Land in Japan doesn’t come cheaply, so when the country dedicates acres of it to build a zoo, they always make sure to get it right. Even so, there just isn’t enough time to visit every animal park in Japan, so if you’ve been wondering which ones will provide the most fun for you and your family, you may want to consider these options within reach of Tokyo:

Ueno Zoological Gardens

This facility in Ueno, Tokyo, is Japan’s oldest zoo, dating all the way back to 1882. It houses over 3,000 individual animals spanning 400 species, with the most popular one undoubtedly being their giant pandas. Imported from China in 2011, the current Ueno pandas Lili and Shinshin attract thousands of visitors every year, but if you want to be one of them, you better get to the zoo early. The park’s other interesting inhabitants include the elusive aye-aye, the Pallas’s cat, polar bears, Sumatran tigers, black rhinos and many more.

For more information visit their website.

Tama Zoological Park

Originally a branch of Ueno Zoo, this park in Hino, Tokyo, has managed to make a name for itself thanks to its size. Nearly four times bigger than its Ueno counterpart, the Tama Zoo provides a more open, natural environment for its animals. You can also get much closer to them thanks to their Lion Bus (currently under construction) that drives straight into the lion enclosure, allowing you too stare down the mighty kings of the jungle.
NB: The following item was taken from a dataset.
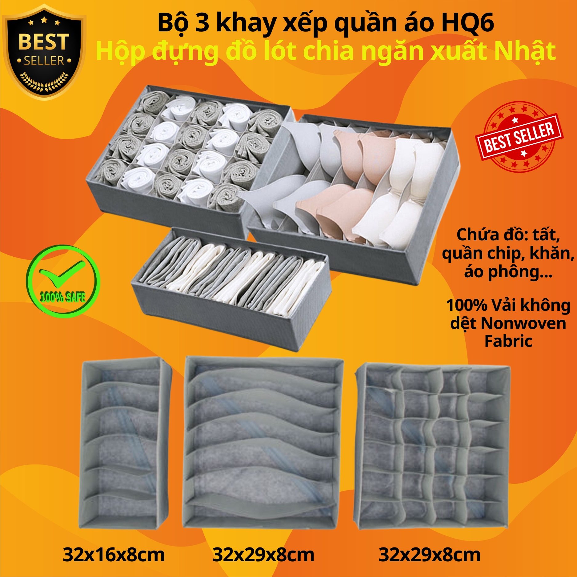 Bộ 3 hộp đựng đồ lót gọn nhẹ chia ngăn tiện lợi xuất Nhật

For more information visit their website.

Inokashira Park Zoo

Located near Kichijoji Station, Tokyo, the Inokashira Park Zoo is dedicated to species indigenous to Japan, plus a few tropical birds. They used to also house Hanako, the oldest Asian elephant in the world, but sadly it died back in 2016 at age 69.

The zoo itself is divided into two sections: a regular park that acts as something of a bird sanctuary, and a more regular zoo. However, Inokashira’s inhabitants don’t include large animals like lions or bears. You are more likely to find smaller critters there like tanuki, civets, or monkeys. The cozy park also includes a tiny amusement park, making it perfect for outings with small children.
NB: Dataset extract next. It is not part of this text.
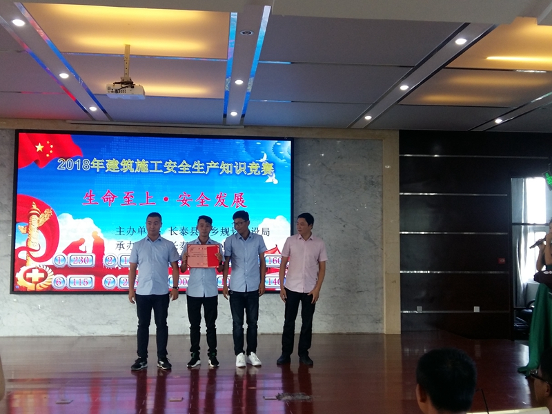 2018年6月25日下午,由長(zhǎng)泰縣城鄉(xiāng)規(guī)劃建設(shè)局主辦、長(zhǎng)泰縣建筑業(yè)協(xié)會(huì)承辦以“生命至上、安全發(fā)展”為主題的“長(zhǎng)泰縣2018年建筑施工企業(yè)安全生產(chǎn)知識(shí)競(jìng)賽”活動(dòng)。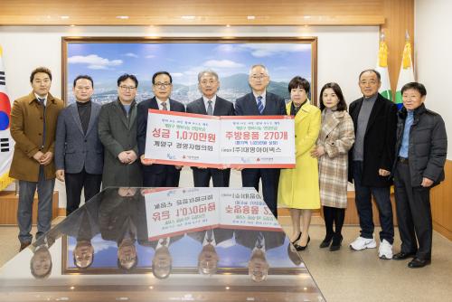 [½Åµ¿¾Æ¹æ¼Û ÀÎõ= À±¹Î½Ä±âÀÚ]ÀÎõ±¤¿ª½Ã °è¾ç±¸(±¸Ã»Àå À±È¯)´Â Áö³­ 3ÀÏ °è¾ç±¸ °æ¿µÀÚÇùÀÇȸ(ȸÀå ÇÔÀ念)¿Í (ÁÖ)´ë¸í¾ÆÀ̳ؽº(´ëÇ¥ ±è±¹È¯)°¡ ÀÌ¿ô µ½±â ¼º±Ý 1,070¸¸ ¿ø°ú ÁÖ¹æ¿ëǰ 270°³(ȯ°¡¾× 1,025¸¸ ¿ø »ó´ç)¸¦ ±âŹÇß´Ù°í ¹àÇû´Ù. Áö¿ª»çȸ °æÁ¦´ÜüÀÎ ¡¦

For more information visit their website.


Yokohama’s Zoorasia is one of the most modern zoos in all of Japan, with spacious enclosures modeled closely on the animals’ natural habitats. You won’t find any bars and concrete floors here. Instead, you’ll be able to admire the zoo’s elephants, monkeys, tigers, and okapi in a relaxed atmosphere as close to the real thing as possible. The park’s main attraction is the African Savanna, a massive exhibit housing four different African species living together in harmony.
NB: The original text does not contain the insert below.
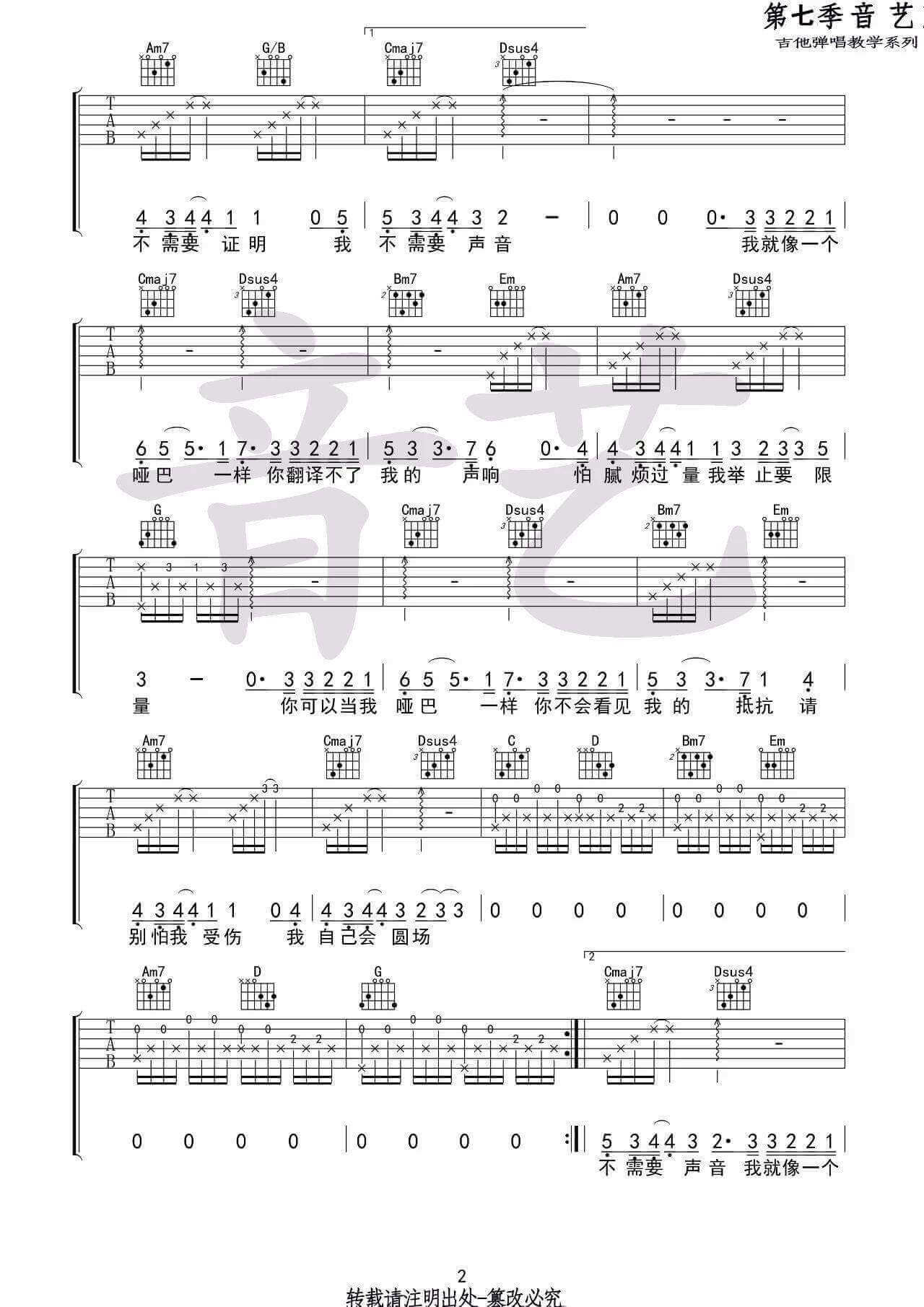 《薛之谦《哑巴吉他谱》(G调)》内容来自于互联网,不能保证内容的准确性与完整性,仅供学习交流欣赏,请勿用于其它用途,内容版权归原作者及来源网站所有,如有侵犯到您的权益请来信告知,我们将及时删除。

For more information visit their website.

Nogeyama Zoological Gardens

Although it’s small compared to the other Japanese zoos, this park in Yokohama has something that many others don’t: it’s completely free. The Nogeyama Zoo also attracts scores of visitors thanks to its red panda exhibit and reptile center. Additionally, you will occasionally find animal specialists taking some of the animals out of their houses and giving lectures to fascinated patrons all over the park.

For more information visit their website.

Tobu Zoo

A hybrid zoo and amusement park in Saitama, Tobu Zoo has been in the global spotlight before thanks to one of its inhabitants: Grape-kun, a Humboldt penguin who reportedly fell in love with a cardboard cutout of an anime character. But Tobu Zoo has so much more to offer, including an entire family of rare white tigers and amusement park attractions for all ages, from exciting roller-coasters to calmer playgrounds.

For more information visit their website.

Fuji Safari Park

This safari park at the foot of Mount Fuji houses about 900 animals that you can get up close and personal with from inside a car. Use your own vehicle to watch the park’s bears, lions, or tigers lounging or walking right outside your window, or rent a park car that allows you to feed some of the park inhabitants like giraffes or goats.

No driver’s license? No problem. You can walk the path surrounding the park, popping into individual, barred-off enclosures and actually getting to feed some of the animals for a small price. Out of all the zoos in Japan, Fuji Safari Park brings you the closest to nature.